I’ve been debating writing about this, but this whole escaped cobra from the Bronx Zoo has left me on edge. A lot of people respond by saying, “What idiot gets nervous about a snake that has escaped from a zoo miles away from you?” Well, the kind of person who was once chased by a SNAKE THAT ESCAPED FROM A ZOO.
Yep. When I was five years old, my friend Tara and I were at a campsite and on our way to the pool. We took a shortcut that went through these tall weeds and we came across a gigantic boa constrictor. We started to scream and run. The snake probably wasn’t chasing us, but it was coming in the direction that we were running. And I was 5 so I was CONVINCED it was out to get us. Later we found out it was missing from a zoo about the same distance as the Bronx Zoo is from me. So OF COURSE this cobra is coming to get me (makes total sense, right?).
Think I shouldn’t be scarred for life from one snake-related instance? Yeah, well, when I was 8-9 my brother, his friend Andy, and I were walking from my aunt’s cottage to go to the beach (apparently I should never swim). We were walking on a road and at the same time my brother and I realized we stepped on something. That something was a half-run over rattlesnake. Cue the freaking out.
Oh, let’s see, there are SO many other snake run-ins that I could discuss (seriously, it’s insane). Let’s fast forward to me being in my 20s and cleaning my parent’s basement with my mom. Their backyard is on the Wisconsin River so we’d get water bugs in the basement. We opened this small compartment where the pipes are and there were a ton of dead bugs. Since my mom is scared of bugs, I suggested that SHE vacuum them up since it would be good for her fears (what a kind, caring daughter I am). At one point there was something stuck on the vacuum, she lifted it up, and yep, dead snake. I responded like any sane, rational person by running upstairs and screaming. My brother finally had to go down and put the thing in a bag. To this day if I go down to the basement and see that door opened, I turn right around (even though my mom has assured me that the crack has been fixed). Again, the snake was clearly coming after me!
And can we talk about the people who walk around with giant snakes on them? Oh, haven’t seen that happen EVER? Yeah, well, FOUR times in FOUR different places have I been minding my own business and some person is just walking around in PUBLIC with a snake. It’s happened to me in a park in Hoboken, Times Square in NYC, Michigan Avenue in Chicago and the Charles Bridge in Prague. Three of those instances I was with someone and they wondered why I tore off (sometimes knocking over people), then saw the snake and quickly understood. What I don’t understand is why they WOULDN’T run away?
So basically I TRY to put myself in circumstances where there is no chance I’ll come in contact with a snake. When I was in Tucson with my parents, we went to go for a hike in a national park.
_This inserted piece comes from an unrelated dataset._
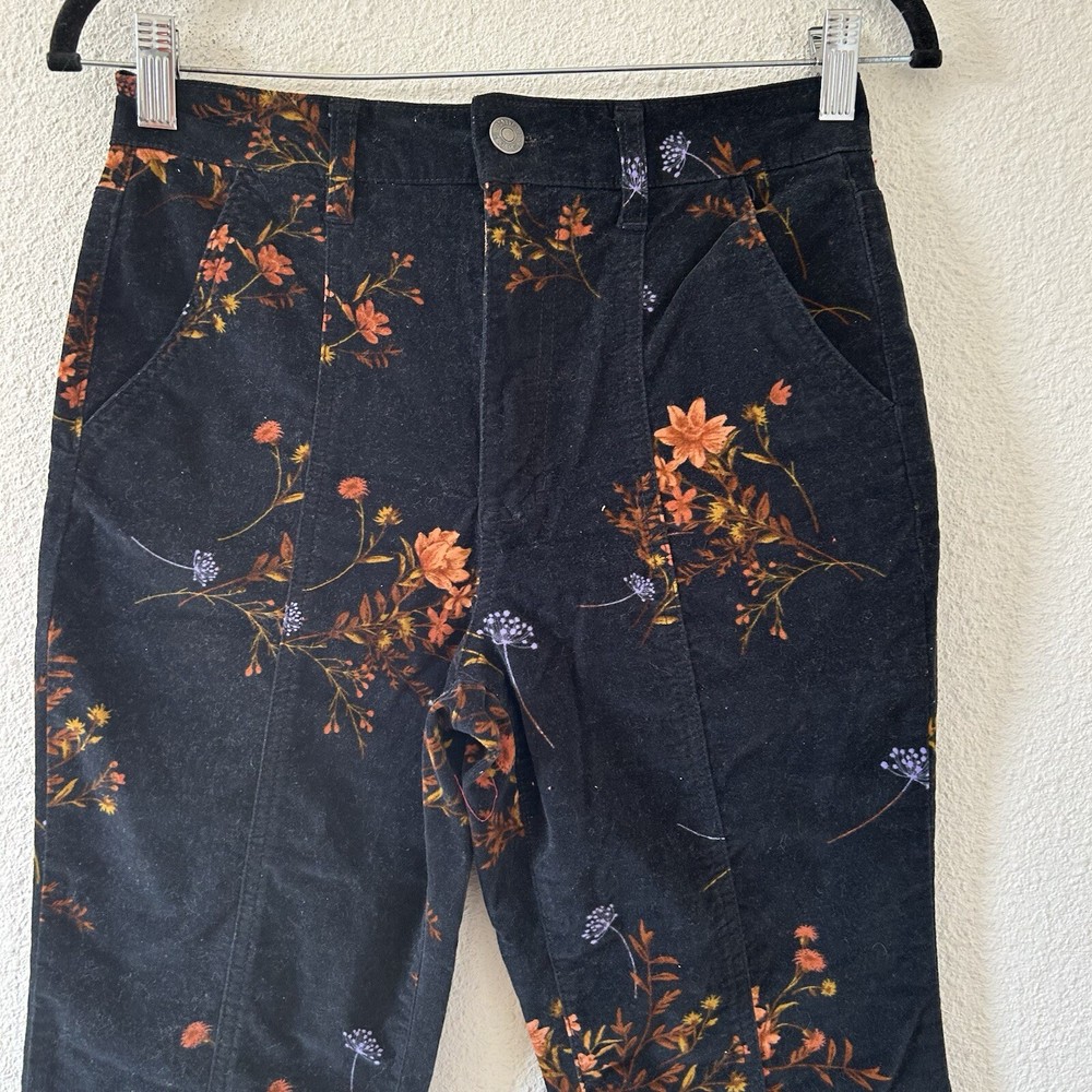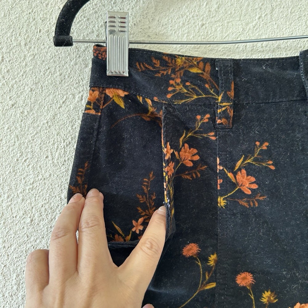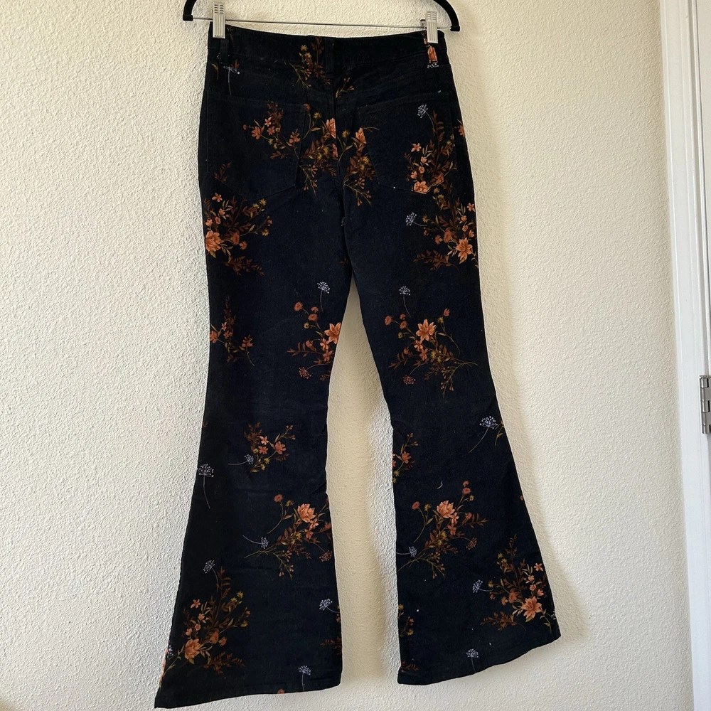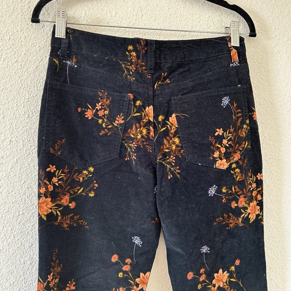 Forever21 Women’s Velvet Flare Pants Medium Floral Print Boho Festival Fall in great condition/has stretch/ black orange and blue colors / super cute 14” across waist 11”rise 30” inseam Approximate measurements All final sale #91 Casual Fall Boho Hippie Festival concert western cottage core coastal cowgirl

I decided to talk to the park ranger first and the conversation went something like this:
ME: So it’s too cold for the snakes to be out, RIGHT?
PARK RANGER: The snakes are always out.
DAD: Can you just tell her that there aren’t any snakes so she doesn’t freak out?
PARK RANGER: Well, you should always be on the look out. And they are more scared of you than you are of it.
ME: I doubt that.
So my parents and I went for a hike. Before we headed off, I turned to my dear, dear parents who have raised me and been there for me through thick and thin. I looked at them and said, “If we see a snake, I’m taking off and you are on your own.”
I’m not sharing these stories so that other people become scared of snakes (although who isn’t?). I’m just saying that this is why I’M convinced the Bronx Cobra is after me. And OBVIOUSLY it is a clear and rational thought after everything I’ve been through.
So may you all have a peaceful, snake-free existence and said cobra get caught already.
Oh, and does anybody have Samuel L. Jackson’s phone number?